In 1998, Peretz's eldest son Uriel Peretz was killed during an ambush in South Lebanon. Shortly after his death, Peretz's husband Eliezer developed a serious illness and later died as well. In 2010, Peretz's second son Eliraz Peretz was killed in the March 2010 Israel–Gaza clashes.

Following the deaths of her two eldest sons and her husband, Peretz became a public speaker on issues surrounding Zionism and coping with loss, lecturing the youth and Israel Defense Forces soldiers.
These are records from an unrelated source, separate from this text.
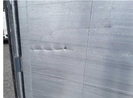
Seitenwand links innen Löcher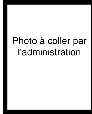
Photo à coller par l'administration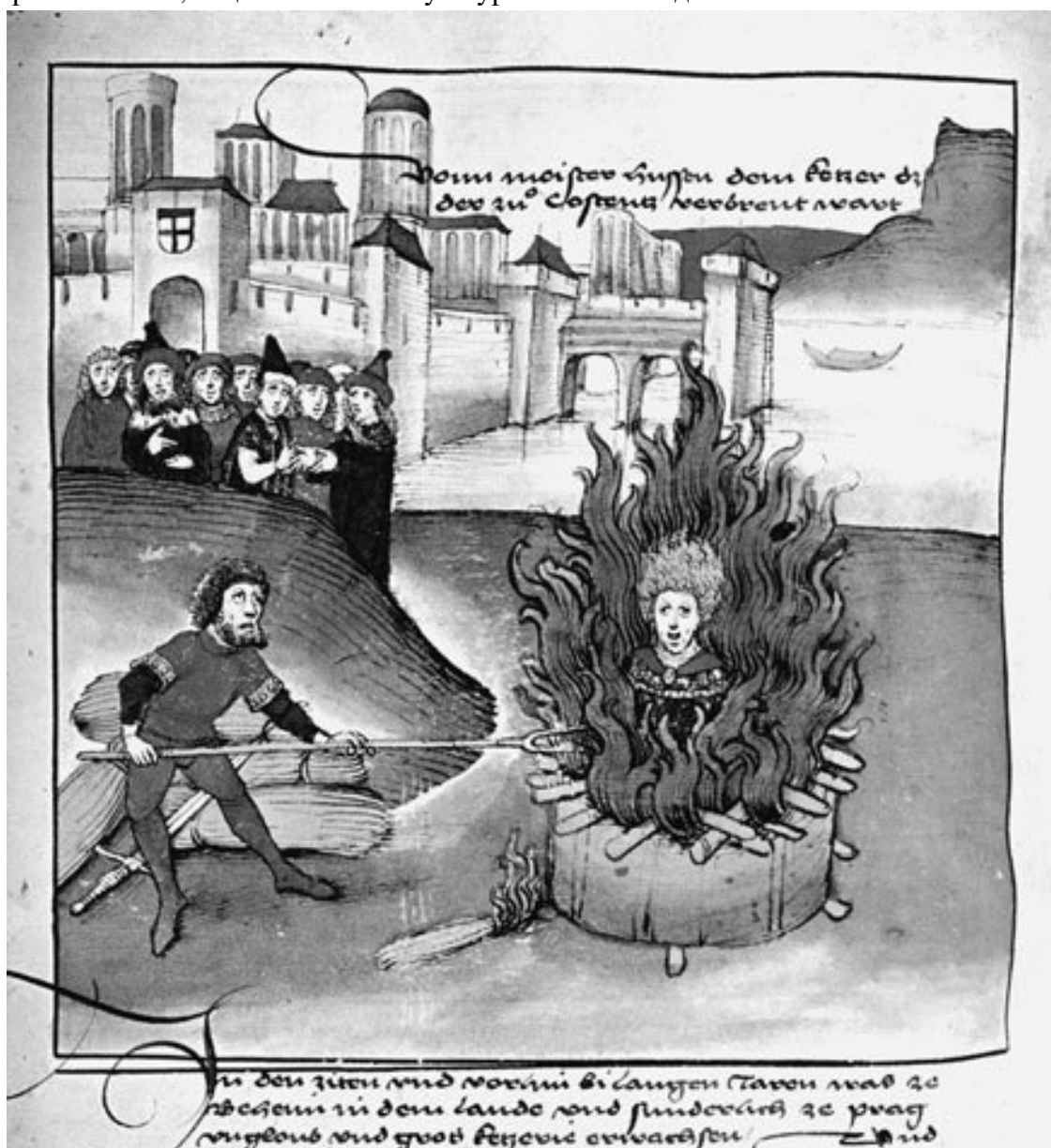
Сожжение Гуса. Миниатюра из хроники Шницера

Счастливым периодом в истории Чехии, которая в Средние века не раз теряла независимость, было время правления короля Карла IV (1347–1378), прозванного в истории «отцом Чехии и отчимом Германии». Он заботился об усилении и процветании чешского королевства, учредил в Праге университет, а также основал Эммаусский монастырь, в котором богослужения должны были совершаться на славянском языке, понятном народу. В Праге организовалась христианская община, которая нуждалась в особом месте для отправления своих религиозных служб. Таким местом стала Вифлеемская часовня, которую в 1394 году выстроил богатый купец Кржиж вместе с любимцем и советником короля Яном фон Мюльгеймом – одним из предшественников Яна Гуса. Часовня стала своего рода центром оппозиции против папы и церкви, и в ней впервые раздалось обличительное слово Я. Гуса, всю жизнь свою отдавшего идее религиозного, национального и культурного освобождения Чехии.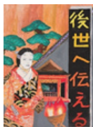
大山・薪能 (伊勢原市)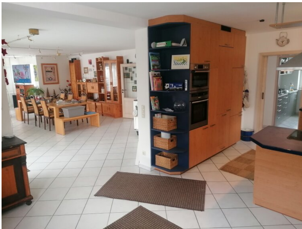
EG. Wohnzimmer und Küche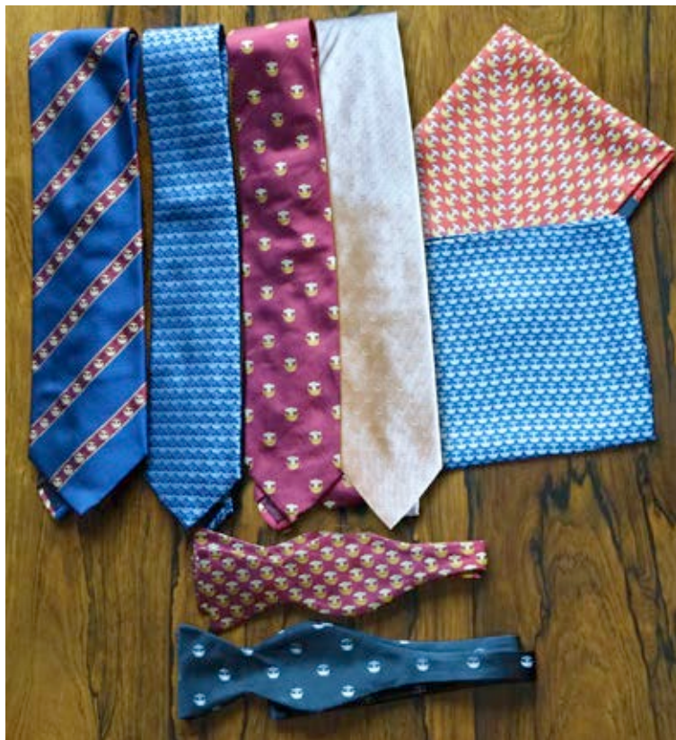
Slipsar, blå, röd, silver resp. gammal modell: á 30 €. Fluga, röd eller svart: á 30 €. Ficknäsduk, blå eller röd: á 20 €.

Betalning sker till Klubbens konto: FI23 4055 1120 0021 04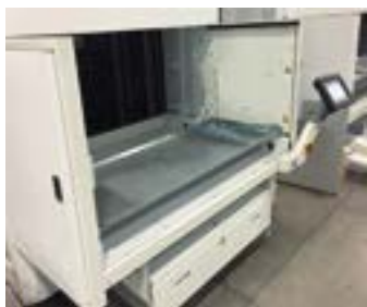
BAIA SINGOLA ESTERNA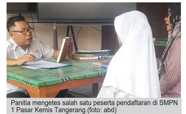
Panitia mengetes salah satu peserta pendaftaran di SMPN 1 Pasar Kemis Tangerang.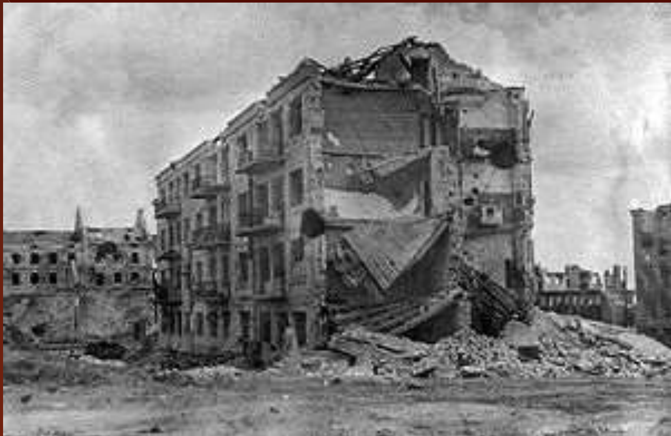
Дом Павлова после окончания Сталинградской битвы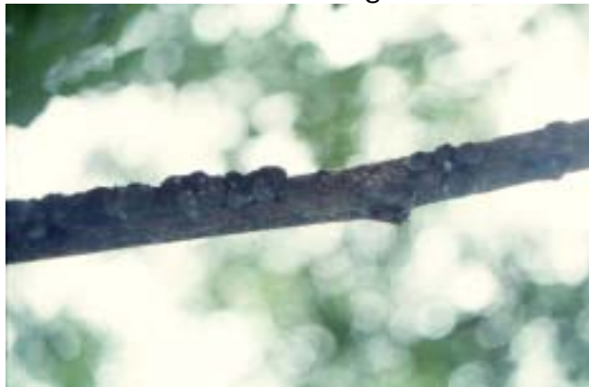
ຮູບທີ່ 2 ຄັ່ງທີ່ຈັບຢູ່ນ້ຳກິ່ງໄມ້

ຖ້າປະຊາຊົນຄອບຄົວໃດໜຶ່ງສິນໃຈຈະລ້ຽງຄັ່ງໄວ້ຕາມຕົ້ນໄມ້ບໍລິເວນບ້ານຫຼືຕາມຫົວໄຮ່ ປາຍນາ, ໃນແຕ່ລະປີກໍ່ຈະສາມາດຂາຍໄດ້ເງິນເປັນການເພີ່ມພູນລາຍໄດ້ພາຍໃນຄອບຄົວຢ່າງຫຼວງຫຼາຍ. ສະນັ້ນ, ສາມາດເວົ້າໄດ້ວ່າເຮົາສາມາດເຮັດເປັນອາຊີບຫຼືວຽກເສີມກໍ່ໄດ້.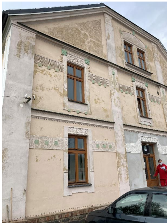
Pohled na stávající východní fasádu - foto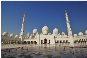
谢赫扎伊德清真寺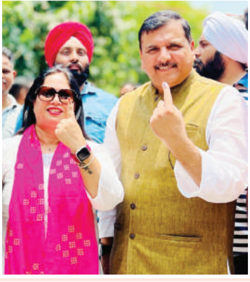
आप सांसद संजय सिंह सपत्नीक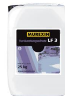
Защитная пропитка LF 3

Упрочнитель для повышения прочности и износостойкости бетонных полов и стяжек, испытывающих средние и высокие механические нагрузки.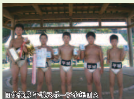
団体優勝 平城スポーツ少年団 A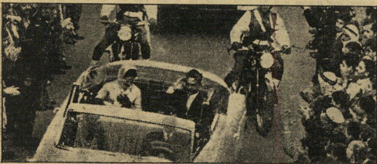
חתן חוסיין וכלתו בעמאן ענין משפחתי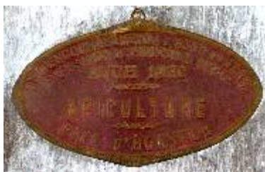
S te d'Encouragement à l'Ag re du Gers Exposition de Produits Agricoles Auch 1932 Apiculture Prix d'Honneur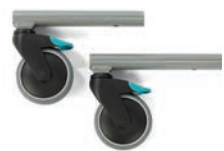
Tippskydd - bakåt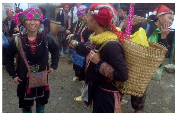
個性的な民族衣装を着たサパの少数民族の女性たち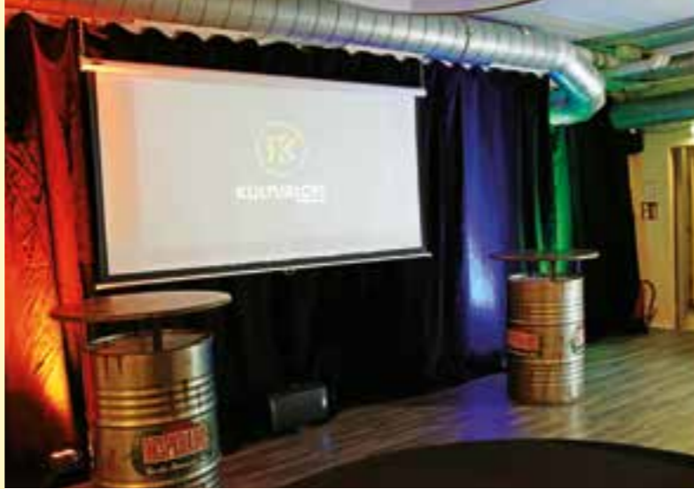
Kulturschaffende sind jeden ersten Montag im Monat herzlich eingeladen, das neue KulturLoft im Schalander zu besuchen, zu entdecken und sich auszutauschen.

Rolf kauft Wohnwagen/Wohnmobile auch renov.-bedürftig, ohne TÜV Tel. 0221/2 76 96 12 oder 0177/5 06 82 42 auch Sa./So. Rolf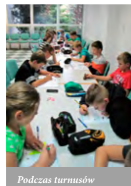
Podczas turnusów uczniowie realizują zajęcia przewidziane w programie nauczania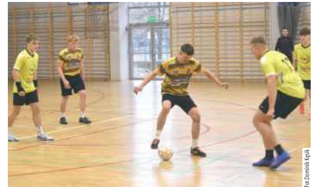
Podczas 3. Turnieju Memoriału 3 Orłów zmierzyło się dziesięć drużyn, które przez kilka godzin rozgrywały wiele meczów. Miejscem zmagania była hala Zespołu Szkół Technicznych w Puławach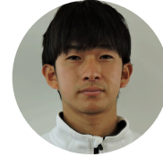
保健体育科主任 3年6組担任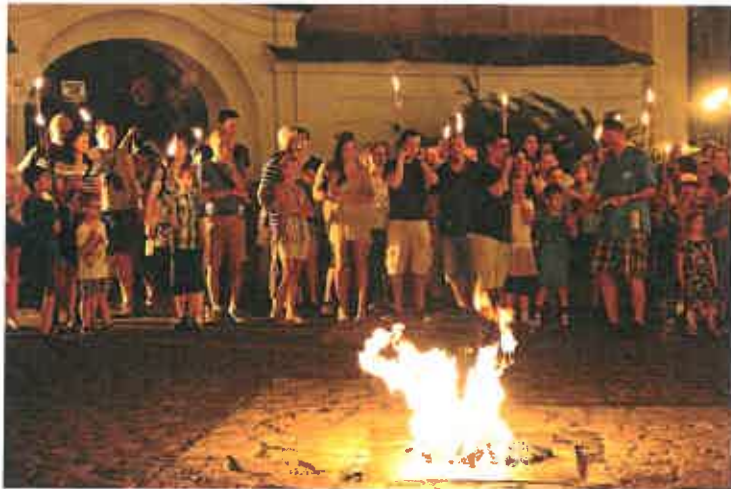
7. ábra: Tűzugrás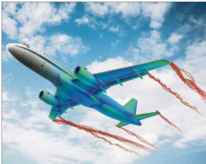
Im neuen Zentrum soll die deutsche Flugzeug-Entwicklung auf eine neue, durchgängig digitalisierte Stufe gehoben werden. Visualisierung: DLR

Tatsächlich mutet das neue Institut in vielerlei Hinsicht wie von langer Hand geplant aus – unter maßgeblicher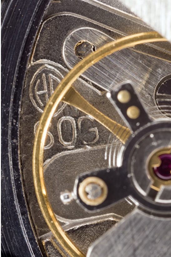
Logotype Parrenin et numéro de modèle.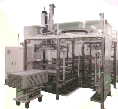
省人化を実現 「レトルト用FAシステム」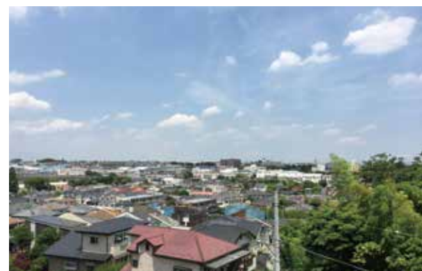
3階東側からの眺望

自分らしくいきいきと、毎日の暮らしそのものがリハビリにもなるホーム。それが、「SOMPOケア ラヴィーレ 綾瀬」です。ホームの東側がゆるやかな丘陵になっているため、見晴らしの良い景色が広がります。近くには散歩を楽しめる「小園子之社(こぞのねのしゃ)」をはじめ、「お伊勢宮の森」、「伊勢山自然公園」といった緑豊かな環境があります。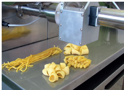
Gruppo di taglio paste corte Cutter group for short cuts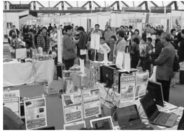
昨年の会場の様子

企業などの技術・製品を一堂に集め、展示・販売を通じて広く情報発信する産業見本市を開催します。今年は食品関連業種も募集します。たくさんの企業・団体の出展をお待ちしています。

In 2011, she released the book Shirat Miriam, which chronicles the story of her life. In 2014, Peretz was selected to light a torch at the celebration of Israel's 66th Independence Day. In 2016, she received an honorary doctorate from Bar-Ilan University. In 2018, Peretz received the Israel Prize for lifetime achievement, considered to be the highest cultural honor awarded by Israel.

==Politics==
In May 2021, Peretz announced that she would run for president of Israel in the 2021 election. Presidential candidates must secure the support of at least 10 members of the Knesset in order to run in the election, which Peretz did. She ended up losing the election to Isaac Herzog, 26–87.

==Personal life==
Peretz continues to reside in Giv'at Ze'ev. She currently serves as the head of a teacher education centre within the Society and Youth Directorate at the Israeli Ministry of Education.